Six years ago, a shocking secret sent Agnes Pratt running in search of a new start. She found it in Penance, a rugged town of miners and lumberjacks in the Dakota Territory, where she became Miss Aggie, respected schoolteacher and confirmed old maid. But the past has a way of catching up with people.

When childhood friend and former sweetheart James Harris accepts a position as the town doctor, Aggie’s pleasantly predictable days suddenly become anything but. James wants to know why Agnes left behind the life they had dreamed of creating for themselves–but he is the one person who can never know.

In the shadows of the Black Hills, can a healing light be shed on the past? Or will the secret Agnes can’t seem to outrun destroy her chance at happiness?

My thoughts

Rachel Fordham returns to the 1880s frontier in her latest novel, A Life Once Dreamed. This is a historical romance that plunges readers into a setting where disease can wipe out families, birth holds many dangers and morals dictate social standing. This is a story about belonging and acceptance and finding your true family.
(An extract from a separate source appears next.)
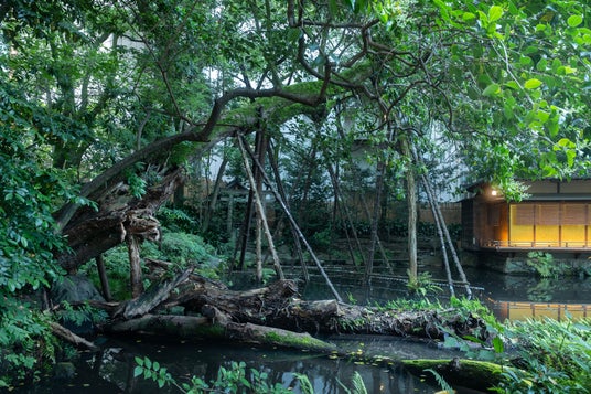 一方、2018年には庭園内に佇んでいた樹齢150年余の春楡(ハルニレ)が、自身の重みに耐えきれず倒木しました。この春楡は、庭園内の子福稲荷神社の御神木のような存在として、長年浮月楼を見守ってきた象徴的な樹です。

Agnes Pratt left Boston six years ago. She left behind the love of her life, but she knew they could never had a future together. Now she is teacher in a small frontier town. When James Harris appears in town as the new doctor, it brings up all their past and Aggie’s hurt. But she refuses to share the secret of why she left him all those years ago. When two disasters chance the course of their lives, Aggie and James will need to decide if what they share is enough to overlook all the obstacles that stand between them.

The setting Fordham creates feels very realistic. Times are hard and facilities basic for the people of Penance. The arrival of a doctor is cause for celebration – for everyone that is, except Aggie. Seeing James again shows her that her feelings haven’t changed, a love that is built on years of friendship and shared adventure, which we readers learn about through reflections, flashbacks and letters. Aggie closely guards her secret, even from readers for a good part of the book. I didn’t guess the direction her secret would take the book until the first disaster. I won’t spoil anything here.